▶ Problem description:
Exactly the lines below from the one with "This is a spherical" up to and including the one with "为培养广大商院学子的社会活动" make up the answer, with nothing else added.

── Records for this task

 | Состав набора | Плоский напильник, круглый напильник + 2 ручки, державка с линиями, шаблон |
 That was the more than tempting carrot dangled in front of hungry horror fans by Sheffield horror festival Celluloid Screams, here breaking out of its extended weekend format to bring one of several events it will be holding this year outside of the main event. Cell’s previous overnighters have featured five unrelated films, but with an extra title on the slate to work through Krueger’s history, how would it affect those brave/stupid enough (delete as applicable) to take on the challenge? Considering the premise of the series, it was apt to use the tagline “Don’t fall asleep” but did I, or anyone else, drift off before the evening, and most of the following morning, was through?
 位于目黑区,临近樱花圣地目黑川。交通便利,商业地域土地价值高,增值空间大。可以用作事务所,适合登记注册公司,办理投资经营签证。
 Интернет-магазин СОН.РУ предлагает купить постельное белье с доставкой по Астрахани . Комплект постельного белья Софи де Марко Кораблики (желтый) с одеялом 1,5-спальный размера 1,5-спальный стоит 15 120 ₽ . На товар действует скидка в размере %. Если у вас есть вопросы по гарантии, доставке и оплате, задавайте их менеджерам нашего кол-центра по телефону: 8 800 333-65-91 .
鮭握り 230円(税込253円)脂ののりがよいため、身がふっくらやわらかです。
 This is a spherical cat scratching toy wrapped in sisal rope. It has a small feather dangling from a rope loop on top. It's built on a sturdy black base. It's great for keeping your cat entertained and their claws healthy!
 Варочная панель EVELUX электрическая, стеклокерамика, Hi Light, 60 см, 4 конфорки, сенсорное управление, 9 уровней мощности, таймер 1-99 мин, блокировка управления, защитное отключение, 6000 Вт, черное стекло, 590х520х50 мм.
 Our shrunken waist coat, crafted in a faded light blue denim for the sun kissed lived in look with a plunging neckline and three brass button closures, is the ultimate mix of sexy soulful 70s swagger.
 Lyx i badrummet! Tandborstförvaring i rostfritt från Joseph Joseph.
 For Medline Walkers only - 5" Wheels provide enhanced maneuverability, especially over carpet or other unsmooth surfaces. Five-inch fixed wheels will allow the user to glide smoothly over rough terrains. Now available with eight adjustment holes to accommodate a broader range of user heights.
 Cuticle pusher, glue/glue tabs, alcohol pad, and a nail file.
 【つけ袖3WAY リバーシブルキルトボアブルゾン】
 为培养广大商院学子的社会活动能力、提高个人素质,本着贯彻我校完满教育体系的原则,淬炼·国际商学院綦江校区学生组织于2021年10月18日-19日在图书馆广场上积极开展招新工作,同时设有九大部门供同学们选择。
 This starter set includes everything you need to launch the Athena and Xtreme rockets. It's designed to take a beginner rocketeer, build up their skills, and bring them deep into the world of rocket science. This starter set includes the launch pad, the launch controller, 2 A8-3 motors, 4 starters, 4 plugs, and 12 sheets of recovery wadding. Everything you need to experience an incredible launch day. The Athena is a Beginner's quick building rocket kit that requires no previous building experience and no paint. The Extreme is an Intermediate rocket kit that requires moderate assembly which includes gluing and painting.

────

▶ Solution to this exercise:
 This is a spherical cat scratching toy wrapped in sisal rope. It has a small feather dangling from a rope loop on top. It's built on a sturdy black base. It's great for keeping your cat entertained and their claws healthy!
 Варочная панель EVELUX электрическая, стеклокерамика, Hi Light, 60 см, 4 конфорки, сенсорное управление, 9 уровней мощности, таймер 1-99 мин, блокировка управления, защитное отключение, 6000 Вт, черное стекло, 590х520х50 мм.
 Our shrunken waist coat, crafted in a faded light blue denim for the sun kissed lived in look with a plunging neckline and three brass button closures, is the ultimate mix of sexy soulful 70s swagger.
 Lyx i badrummet! Tandborstförvaring i rostfritt från Joseph Joseph.
 For Medline Walkers only - 5" Wheels provide enhanced maneuverability, especially over carpet or other unsmooth surfaces. Five-inch fixed wheels will allow the user to glide smoothly over rough terrains. Now available with eight adjustment holes to accommodate a broader range of user heights.
 Cuticle pusher, glue/glue tabs, alcohol pad, and a nail file.
 【つけ袖3WAY リバーシブルキルトボアブルゾン】
 为培养广大商院学子的社会活动能力、提高个人素质,本着贯彻我校完满教育体系的原则,淬炼·国际商学院綦江校区学生组织于2021年10月18日-19日在图书馆广场上积极开展招新工作,同时设有九大部门供同学们选择。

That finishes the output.